By Herbert Lash

LONDON (Reuters) – Global equity markets surged and the dollar hit a nine-year high on Thursday, lifted by the Federal Reserve’s confidence in the U.S. economy and hopes of aggressive new stimulus in Europe.

Stocks on Wall Street rose about 1.7 percent and in Europe equities jumped close to 3 percent as investors’ set aside fears from a few days ago that the collapse in oil prices indicated a slowing global economy.

Brent oil fell and U.S. crude tipped lower, trading near break-even, while prices for U.S. and German government debt fell, on the growing confidence the European Central Bank will launch a bond-buying program to combat slowing economic growth.

In the latest sign of a strong U.S. economy, the number of Americans filing new claims for unemployment benefits fell last week and job cuts declined sharply in December, suggesting a tightening labor market.

In Europe, the president of the ECB said the bank’s Governing Council stands ready to take unconventional measures if needed to stem a prolonged period of low inflation.

In minutes released on Wednesday from its December policy-setting meeting, the Fed appeared to firmly conclude that the U.S. recovery is here to stay, despite a global deflation threat and potential turmoil from plunging oil prices.

“The decline in the price in oil, sure it spoke volumes about potential headwinds for the global economy,” said Andrew Wilkinson, chief market strategist at Interactive Brokers LLC in Greenwich, Connecticut. “But it seems as ever investors are more optimistic about the likely response from global central banks and that turned confidence around.”

MSCI’s all-country world stock index rose 1.86 percent, while the FTSEurofirst 300 index (.FTEU3) of top European shares surged 2.91 percent to close at a 1,368.85 points. The German (.GDAXI), French (.FCHI) and Italian (.FTMIB) stock market indexes each rose more than 3 percent.
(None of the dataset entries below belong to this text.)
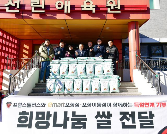 포항 스틸러스는 18일 선린애육원을 방문해 쌀을 전달했다. 전달식에는 포항 스틸러스 임직원과 김광석 이마트 포항점장, 최기영 이마트 포항이동점장이 참석했다. 포항시 편준 복지국장과 포항시청, 이마트 직원들도 함께해 뜻을 나눴다.
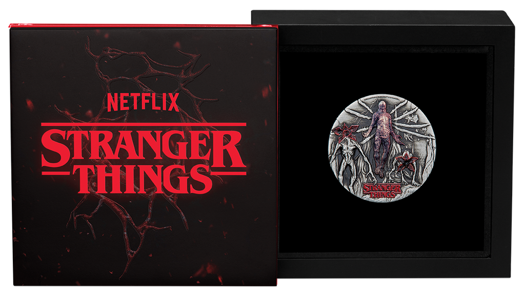 The coin's coloured reverse features the mysterious world of Hawkins. The coin's upper half showcases Mlke, Dustin, Lcas, and Eleven on an adventurous bike ride, while the lower half features the eerie Upside own, featuring Wland the ominous presence of the Demogorgon. Included in the design is the inscription "ON NOV 6,1983 THE WORLD TURNED UPSIDE DOWN. FOREVER.", along with the "STRANGER THINGS" logo and The Perth Mint's 'p" mintmark.
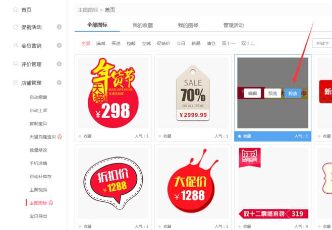 2、在左側的快捷菜單欄我們選擇“店鋪管理”-“主圖圖標”,選擇自己中意的圖標進行“編輯”。

On Wall Street, the Dow Jones industrial average (.DJI) rose 287.51 points, or 1.63 percent, to 17,872.03. The S&P 500 (.SPX) gained 32.05 points, or 1.58 percent, to 2,057.95. and the Nasdaq Composite (.IXIC) added 76.38 points, or 1.64 percent, to 4,726.84.

A slump in German industrial orders in November and a drop in euro zone consumer inflation expectations reinforced bearish views of the euro, while the U.S. economic data pushed the single currency to a nine-year low, for a fifth day of losses.

The euro (EUR=EBS) fell to $ 1.17540, its lowest since December 2005, on the EBS trading platform, and last traded at $ 1.1804, a decline of 0.28 percent.

The euro’s weakness kept the dollar index (.DXY) at nine-year highs. Against the yen, the dollar climbed to 119.77 yen (JPY=).

Oil fell below $ 51 a barrel as bulls and bears searched for a floor to the prolonged rout.

Brent crude (LCOc1) fell 40 cents to $ 50.75 a barrel. U.S. crude (CLc1) fell 5 cents to $ 48.60 a barrel.

U.S. Treasury debt prices declined as Wall Street rallied and oil prices and on the expectations for an ECB bond-buying program.

Prices of benchmark 10-year Treasuries were off 19/32 to yield 2.0179 percent, after dipping below the 2 percent level on Tuesday for the first time since October.